(Record excerpts)

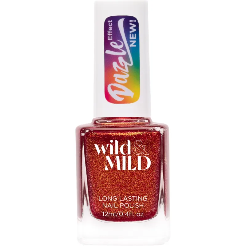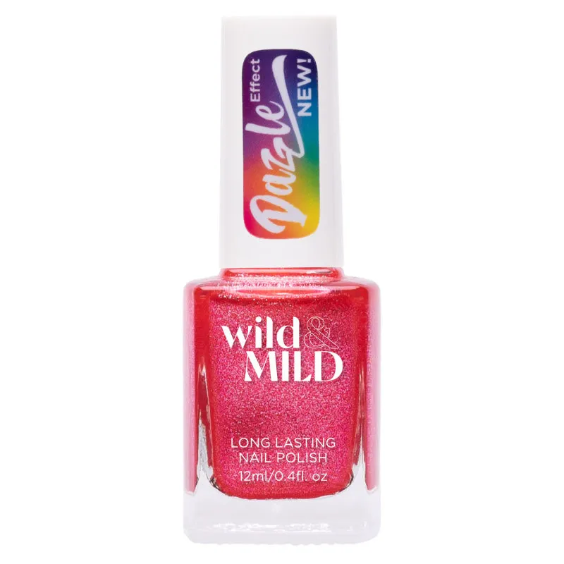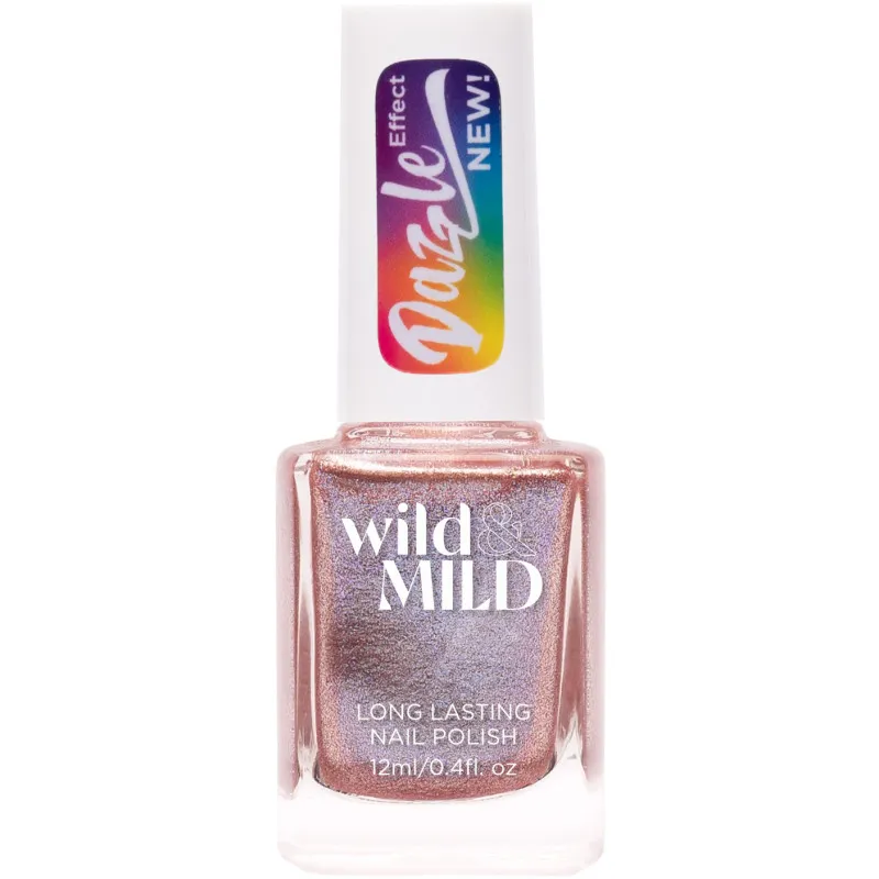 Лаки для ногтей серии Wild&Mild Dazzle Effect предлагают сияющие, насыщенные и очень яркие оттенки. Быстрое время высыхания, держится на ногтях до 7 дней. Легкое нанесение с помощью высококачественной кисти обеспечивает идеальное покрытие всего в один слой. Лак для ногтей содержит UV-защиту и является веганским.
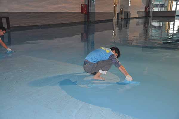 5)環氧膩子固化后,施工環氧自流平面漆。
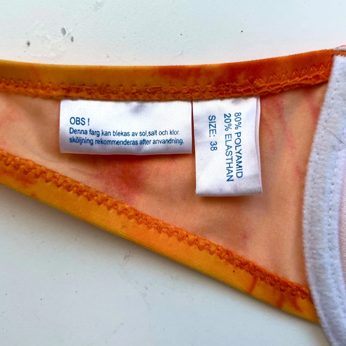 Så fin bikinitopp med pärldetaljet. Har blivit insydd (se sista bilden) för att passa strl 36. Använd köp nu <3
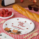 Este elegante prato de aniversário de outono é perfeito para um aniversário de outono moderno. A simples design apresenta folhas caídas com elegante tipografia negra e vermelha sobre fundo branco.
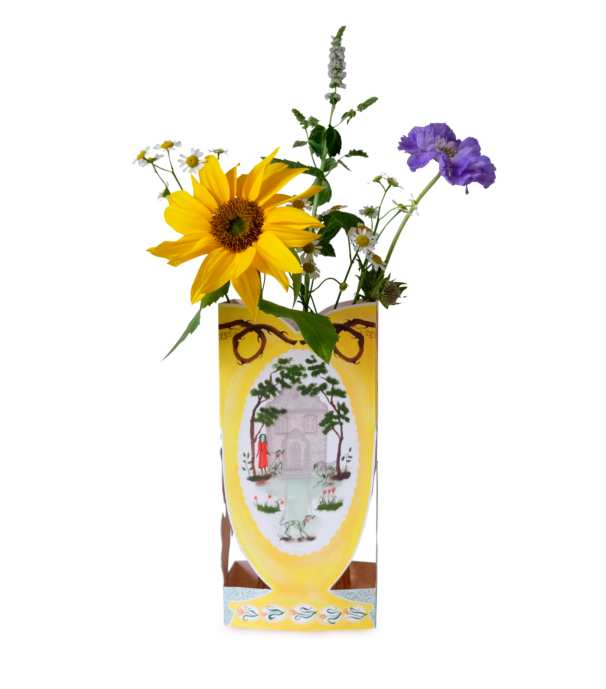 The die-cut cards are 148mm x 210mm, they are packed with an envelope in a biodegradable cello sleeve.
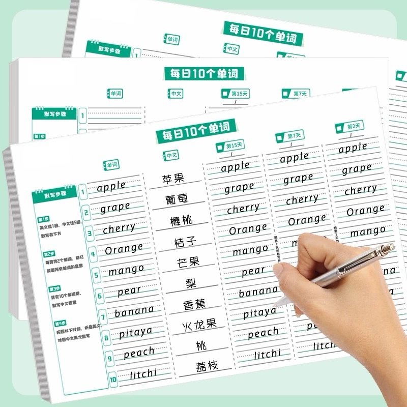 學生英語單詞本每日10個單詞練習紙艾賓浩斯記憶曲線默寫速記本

(End Record excerpts)

Transcribe exactly the lines from the one containing "The die-cut cards" through the last line of the records above, and nothing else. Leave out the pictures.

# Exercise result
 The die-cut cards are 148mm x 210mm, they are packed with an envelope in a biodegradable cello sleeve.
 學生英語單詞本每日10個單詞練習紙艾賓浩斯記憶曲線默寫速記本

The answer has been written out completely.